Chinese online gambling syndicates let illegal bettors use prepaid e-commerce cards, gift vouchers, and gaming credits as casino chips, say police.
Officers say that gamblers use the cards to top up their balances on gambling platforms. The syndicates then convert the vouchers into cash by using professional money mules and third-party verification platforms, the Chinese media outlet E23 reported.
And the syndicates are building a collection of small-scale online retailers and tech experts to help them run the network, say officers in Sichuan Province.
Chinese E-Commerce Cards Become Casino Chips: How It Works
Journalists from the Chinese media outlet CNR interviewed an online retailer who used the pseudonym Zeng Lin.
Zeng Lin said she launched her business in 2023, but enjoyed little initial success selling e-commerce store vouchers.
“One day, someone contacted me online,” Zeng Lin said. “They said they could provide me with a steady flow of cards. They said that as long as we sold their cards, they could guarantee we would make sales.”
Zeng Lin agreed.
“Sales were still slow at first,” she said. “I would only sell a maximum of only a few thousand yuan’s worth of vouchers a day.”
One thousand yuan is worth just under $150.
However, the store owner said that two weeks later, “sales suddenly exploded,” bringing in revenues of 600,000 yuan (over $88,000) a day.
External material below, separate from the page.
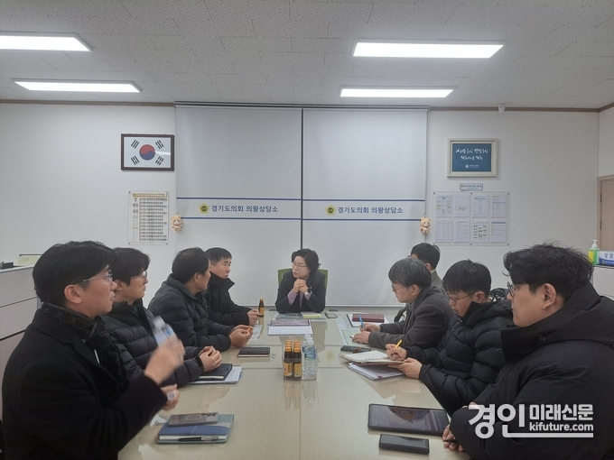 (경인미래신문=민경호 기자) 경기도의회 도시환경위원회 김옥순 의원(더불어민주당, 비례)은 16일 경기도의회 의왕상담소에서 의왕시청 도시정책과장과 관계 공무원 및 주민들과 함께 ‘재개발 사업 공사 진행 관련 문제점 대책 마련을 위한 정담회’를 개최했다.

A police investigation later revealed that Zeng Lin’s store raked in more than 20 million yuan (about $3 million) in just one month.
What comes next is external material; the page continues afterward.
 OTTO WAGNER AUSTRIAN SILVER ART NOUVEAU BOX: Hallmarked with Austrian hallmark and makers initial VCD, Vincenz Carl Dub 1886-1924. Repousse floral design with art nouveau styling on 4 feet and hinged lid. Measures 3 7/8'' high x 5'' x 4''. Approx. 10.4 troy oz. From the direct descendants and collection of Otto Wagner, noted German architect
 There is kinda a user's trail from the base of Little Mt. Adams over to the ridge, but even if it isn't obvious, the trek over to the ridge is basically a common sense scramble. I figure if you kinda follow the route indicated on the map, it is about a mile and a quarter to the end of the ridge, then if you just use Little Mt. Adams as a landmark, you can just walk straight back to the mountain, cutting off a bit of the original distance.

She later told detectives that she began to suspect something was seriously amiss.
“With such high daily sales, I started to suspect that the cards were all being used to gamble,” the store owner said.
Zeng Lin told police her supplier was selling her cards and vouchers at a 9.85% discount. As sales rose, that increased to 9.9%, she said.
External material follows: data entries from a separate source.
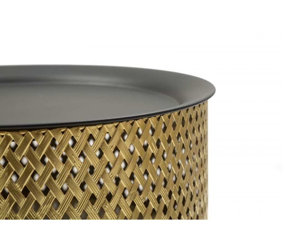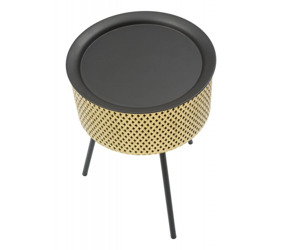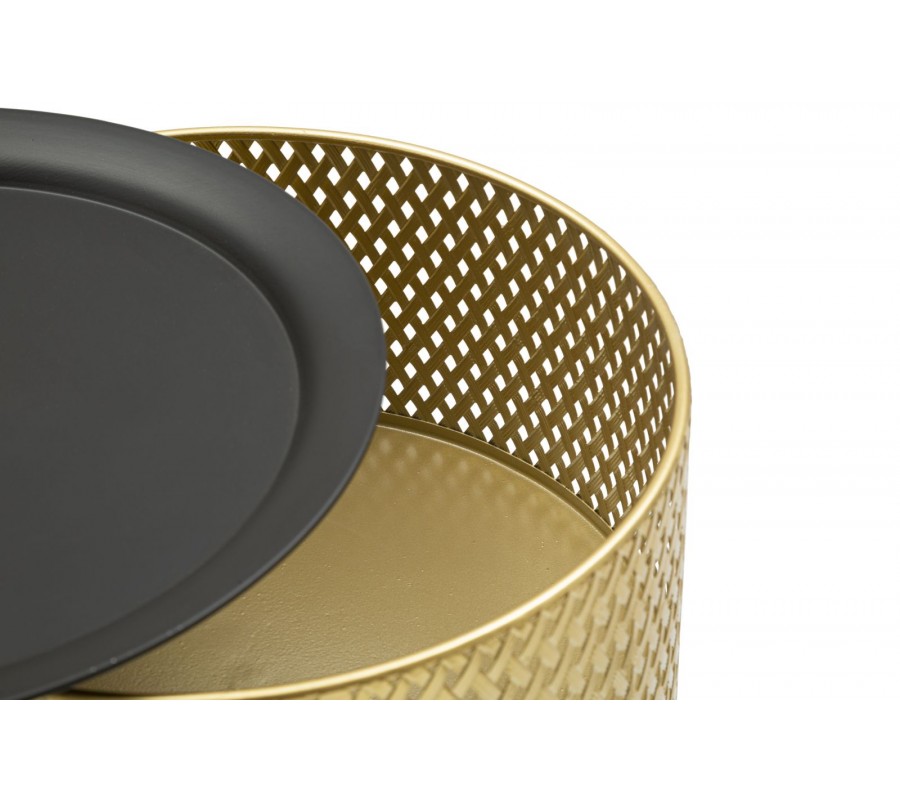 Okrúhla vrchná doska s matnou čiernou povrchovou úpravou je odnímateľná, čím slúži ako poklop od úložného priestoru. Jemne vyvýšený okraj pridáva zaujímavý vizuálny detail, zároveň zabezpečuje jednoduchú manipuláciu a zabraňuje zosunutiu menších predmetov z povrchu stolíka.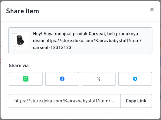 From here, you can easily share your catalogue or item with customers through multiple official channels.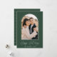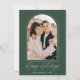 Tarjeta de vacaciones moderna con tu foto vertical enmarcada por un arco de puntos con fondo verde. "Happy Holidays" se muestra en la escritura blanca a la moda. Personalice la parte delantera de la tarjeta agregando el nombre de su familia y el año. La tarjeta se invierte para mostrar un patrón de línea punteada en blanco.

“When you deposit money on casino platforms, the operators recommend stores where you can buy [vouchers and gift cards],” a gambling suspect told police. “Zeng Lin’s store had the best reputation and a high sales rate, so I would choose her store.”
Redemption Platforms and Money Mules
Police say there has been a rise in so-called “redemption platforms” that cater to gambling rings.
These claim to let customers buy virtual goods from bona fide online retailers.
But by filtering payments through what police called “layers of complex back-end systems,” these platforms can also let customers swap e-commerce credit for cash.
This is where the money mules come in, detectives said. The mules lend their bank accounts to casino operators, who use these accounts to launder funds and eventually send the money to their own accounts.
The casino operators can also use the same system to pay out winnings, police said.
“If an online gambling platform receives a large number of cards and wants to cash them out in a short period of time, it can only do so through a redemption platform,” said an officer from the financial investigations team at the Neijiang Public Security Bureau in Sichuan Province.
Several police officers said existing e-commerce regulations are “practically ineffective” against this type of crime.
“Regulations only stipulate that card-issuing companies are responsible for monitoring card purchasers,” said an officer. “But they don’t require anyone to supervise what happens to these cards and vouchers after they have been sold.”
Police Hunt Illegal Gambling Dens
Earlier this month, several suspected Chinese gamblers sustained injuries when they tried to flee a police raid in Pattaya, Thailand.
Officers said three men leaped out of a second-floor window onto a hard-tile floor. Police described the illegal den as a “VIP gambling club.”
Illegal gambling den operators are also starting to congregate in abandoned buildings in Mainland China, police say.
Many use CCTV networks and paid lookouts to monitor for police, detectives added.